Beacon thought for a moment, then said, “You keep using the word “crisis” to describe this. Do you understand what that term really means?” His words weren’t threatening, but something about his voice, his tone, the way he carried himself, was. Everything about the man was threatening, but it was never overt. Just an implied sort of menace. Or perhaps it was that wisp of a southern gentleman accent making Cho’s brain think these things.

“What would you call it?” Cho asked.

“A situation. A happening. An unfortunate turn of events. A crisis, Mr. Mayor, is when the men with machetes and hatchets come to knock down your door after your political rival calls for your head. A crisis is when half the city disappears beneath flood waters, or a team of supervillains ransom your state to the US government under threat of artificial meteor strike or the aliens invade or the robots rise or time and space folds in on itself or any number of things much worse than a little dip in the polls. And trust me, you haven’t seen real riots yet. You haven’t seen what true anarchy looks like, how far people can fall. So no, I wouldn’t call this a crisis.
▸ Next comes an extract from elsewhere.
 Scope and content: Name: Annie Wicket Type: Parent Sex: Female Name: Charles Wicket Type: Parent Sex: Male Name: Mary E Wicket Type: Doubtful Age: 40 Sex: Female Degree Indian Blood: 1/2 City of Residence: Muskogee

And with my help you won’t see anything like that come to pass.”

“Fuck,” Cho sighed.

“Now then, I’d like to discuss your decision to suspend superhero activity in your city.”
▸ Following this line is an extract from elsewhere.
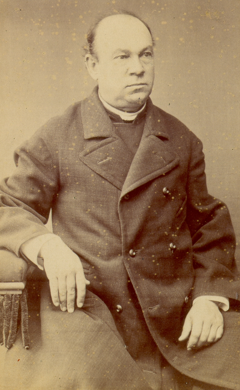 József Borovnyák (Jožef Borovnjak) writer politician of Hungarian Slovenes

“Don’t waste your breath. I never wanted sanctioned super teams running around to begin with. The events of this morning made me remember why,” Cho said.

“Don’t shoot yourself in the foot, Mr. Mayor. It will take time to repair the damage done to your legitimacy and in the meantime there’s a city that needs leading. I fear you may stretch people’s faith in the authorities to their breaking point if you continue to refuse superhuman assistance.”
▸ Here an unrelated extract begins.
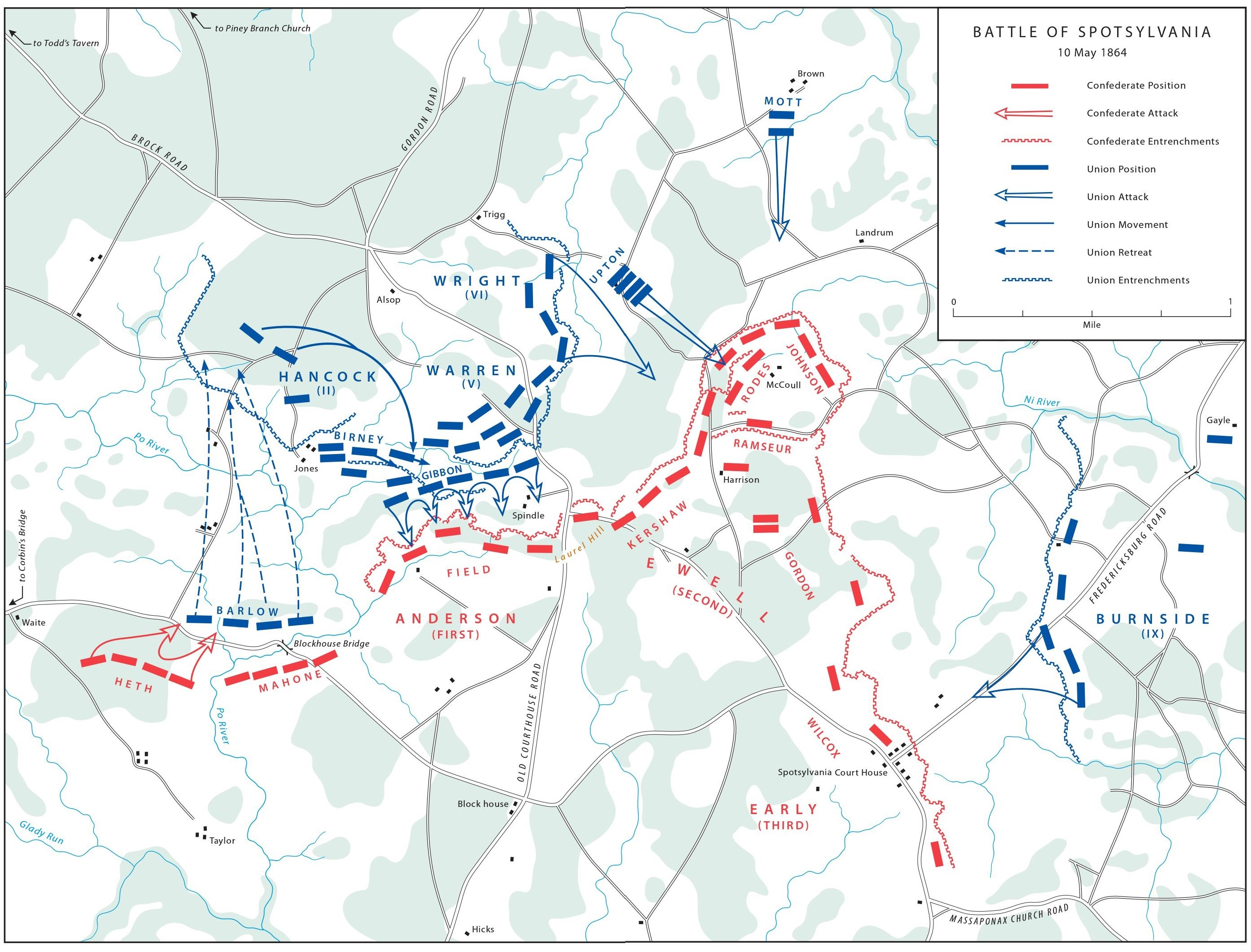 Battle of Spotsylvania Court House (May 8-21, 1864). Situation May 10.

Cho didn’t say anything first. “Do you remember the WTO riots? Back in ’99?” he asked.

“The Battle of Seattle. Yes, I remember it,” Beacon replied.

“I had just started working for city council. It was a run of the mill protest. Liberal West Coasters going up against the globalist juggernaut that the World Trade Organization represented. Nothing you haven’t seen before if you’ve lived in Seattle long enough. But it didn’t take long for it to turn into an orgy of violence that took the city by storm.”

“So you understand what’s at stake,” Beacon said.

“Yeah, I know what’s at stake. I also know the cost of calling in superheroes to fix your problems,” Cho said.

“You blame us for what happened?” Beacon asked.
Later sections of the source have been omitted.